You can also add the day part when needed. Spanish uses phrases like de la mañana, de la tarde, and de la noche. If you’re writing in a twelve-hour format and need to sort out noon or midnight, the RAE’s note on a. m. and p. m. clears up standard usage.

How To Practice It Until It Feels Automatic

Start with a simple drill. Look at a clock and say two versions out loud: first the numeric form, then the natural spoken form. So for 9:40, say son las nueve y cuarenta, then son las diez menos veinte. That side-by-side practice helps your brain map one form onto the other.

Next, group nearby times together. Practice 9:35, 9:40, 9:45, 9:50, and 9:55 in one short burst. This trains the whole pattern instead of a single phrase. It also makes 9:40 feel less isolated.

Then put the phrase into full sentences. Say things like El tren sale a las diez menos veinte or Son las diez menos veinte y todavía no llega. That step matters because time expressions live inside real speech. They’re not museum pieces.

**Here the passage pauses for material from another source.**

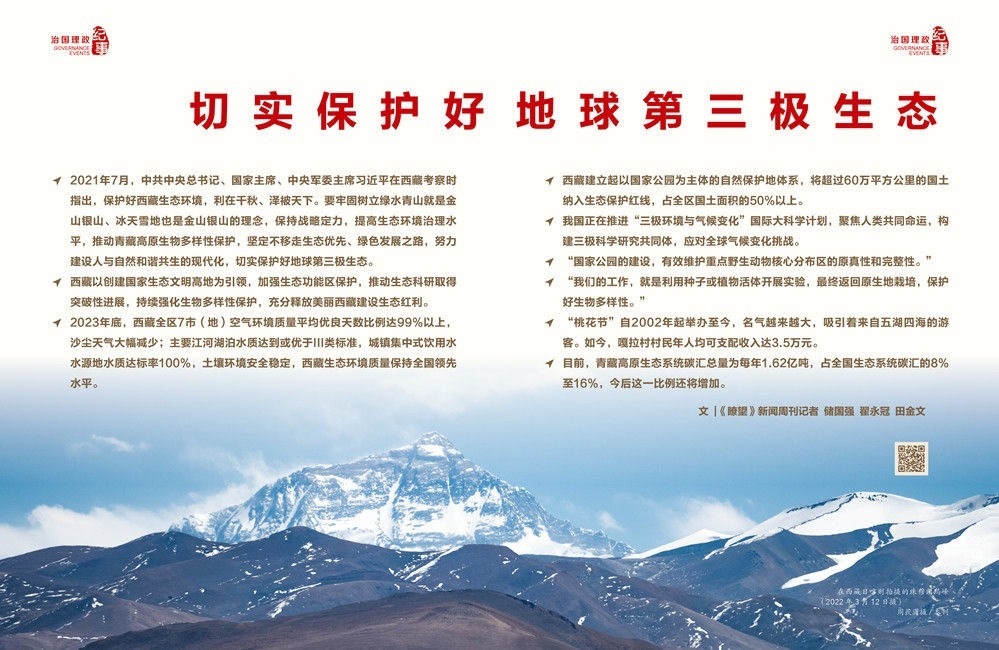 生態(tài)優(yōu)先,綠色發(fā)展。在“地球第三極”的山水間,各族干部群眾綿綿用力、久久為功,扎實推進生態(tài)文明建設(shè)。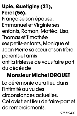 Overleden te Upie (26120) op zondag 26 april 2020 op 73-jarige leeftijd

If you want classroom-style reinforcement, the Instituto Cervantes material on asking and telling the time shows how this topic fits into early Spanish learning.

Which Version Should You Memorize First?

If you only want one phrase to carry away from this article, make it son las diez menos veinte. That’s the one that gives you the broadest payoff because it teaches a pattern, not just a single time. Once you own that structure, times like 8:50, 6:45, and 11:55 become much easier.

Still, don’t throw out son las nueve y cuarenta. It’s correct, useful, and easy to understand. In fact, strong learners know both and switch with ease. That flexibility is what real fluency starts to feel like.

So, if someone asks you what 9:40 is in Spanish, you’ve got the clean answer ready: son las diez menos veinte. And if the numbers pop into your head first, son las nueve y cuarenta still does the job just fine.